New Rule Allows For More Flexibility and State Control

The Health Care Financing Administration today issued a final rule that defers to state professional practice laws and hospital by-laws to determine which licensed professionals can administer anesthesia. The rule, to be published in the Federal Register tomorrow, removes a federal requirement for physician supervision of anesthesia administration in hospitals, critical access hospitals and ambulatory surgical centers. The old rule required supervision by physicians, whether or not they had any expertise in the delivery of anesthesia. The new rule increases overall flexibility by letting states and hospitals, who are closer to patient care delivery, make decisions about the best way to deliver care. The new rule allows certified registered nurse anesthetists (CRNAs) to practice without physician supervision where state laws permit. However, it requires that CRNAs be supervised by a physician when required by state law. This decision is consistent with HCFA's commitment to decrease regulatory burden by deferring to state licensing laws regulating professional health care practice. This final rule was proposed in 1997 in an effort to restructure and refocus Medicare's conditions of participation for hospitals so they focus on outcomes rather than regulating processes.

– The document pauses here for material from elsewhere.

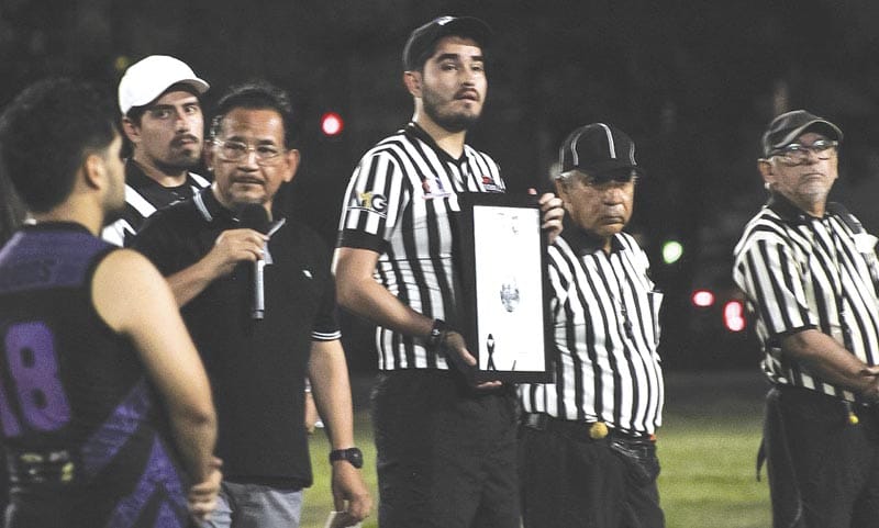 Un ceremonia sencilla pero muy emotiva ya que se hizo un merecido homenaje póstumo al señor Felix Alderete Gómez, coach y promotor deportivo en el Football Americano.

The new Medicare rule changes the physician supervision requirement for CRNAs furnishing anesthesia services in hospitals. The rule removes a federal requirement that a physician supervise every case of anesthesia administration by a nurse anesthetist and allows states to determine whether such supervision is needed. The rule would allow CRNAs to practice in hospitals without physician supervision where state law and hospital policy permits. Similarly, the rule would require that CRNAs be supervised by physicians where such oversight is required by state law and hospital policy. And any hospital can establish stricter standards than required by state law.

The final rule recognizes the states' traditional domain in establishing professional licensure and scope-of-practice laws. It does not prohibit, limit, or restrict in any way the practice of medicine or prevent anesthesiologists from administering anesthesia or supervising another professional.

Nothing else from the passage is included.